Data quality has an important role in building confidence in the products produced by an institution. Quality assurance forms an integral part of statistics production at any statistical office. Several factors make international migration statistics unreliable when using traditional or non-traditional methods.
During the censuses, it is a challenge to capture all emigrants, when all members of the households reside abroad, and information regarding irregular migrants is often difficult to collect, etc. Another limitation is related to timeliness: data is collected once in several (about five or ten) years.
The population register can be considered as an adequate data source for collecting migration statistics since it contains various sets of individuals' characteristics. The frequency of its updating and the accuracy of the information recorded are factors critical to the quality of the statistics to be computed. It has to be emphasized that such events as a change of the person's residence within the state, as well as a departure from state to live abroad, has to be declared by the person (physically or via online notification, depending on the country), which is not always done, as updating residency information might be a very complex process (OSCE/ODIHR, 2009). Under certain circumstances, it might be a challenge to capture internal migrants, as well as international ones (e.g. person's movement within the Schengen area, as no checks are carried out at the borders between the Schengen Member States).
Other administrative sources, such as e.g. border control data, can be also used for producing migration statistics but it suggests quantitative rather than qualitative data.
Thus, coverage is one of the main challenges when it comes to the production of migration statistics. MPD can measure migration regardless of the person's statement (i.e. reported place of residence). Big Data can provide alternative solutions and fill some data gaps.

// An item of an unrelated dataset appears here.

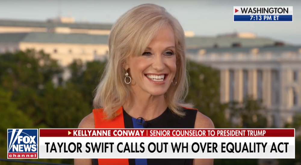 Also weighing in on Swift's call to action was Kellyanne Conway, who appeared on Fox News and was asked to address Swift's VMAs performance. She reiterated the White House talking points and said that she likes "the new Taylor Swift song" and proceeded to sing a line from "You Need To Calm Down." Watch the clip below.
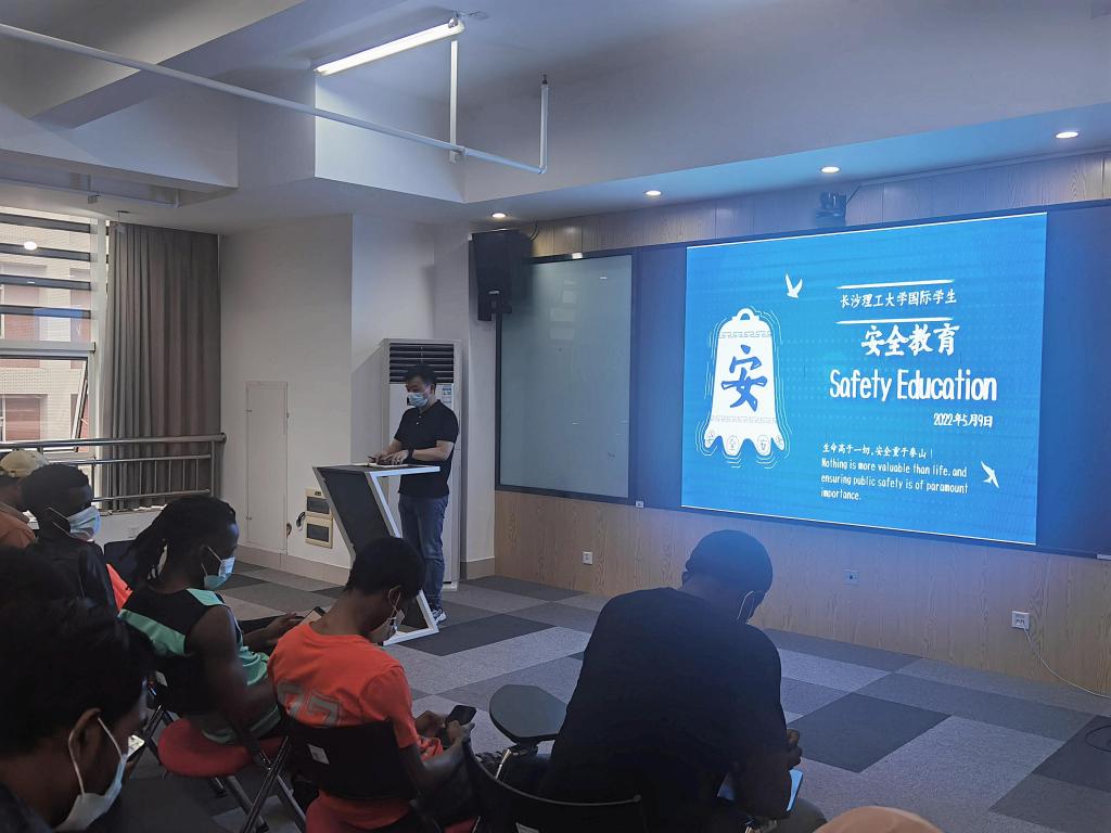 心理健康普查结束后,王荟惠结合校内建筑物安全、校园周边学生聚集经营场所安全、实验室安全、食品安全、校内消防与交通安全、防溺水、疫情防控等内容对全体在华国际学生进行了安全教育。乔法光强调生命高于一切,安全重于泰山,并要求大家遵守相关规定,增强日常安全和健康防护意识。

Privacy and ethical aspects. The issues of privacy, surveillance, and fundamental rights are important aspects of mobile positioning. Any study conducted with the use of MPD must ensure the individual's personal privacy, avoid discrimination and respect fundamental rights, as the data may contain sensitive information. The information should not allow identifying an individual(s) on geographical or temporal grounds, that is, it should not be possible to extract individual(s) movements from the MPD. Every cell has a certain geographical coverage area and unique identity code, as in the Cell-ID method. To keep confidentiality, mobile operators can aggregate anonymous geographical data from log files, such as location points or movement vectors, and data users can use this for scientific purposes or planning.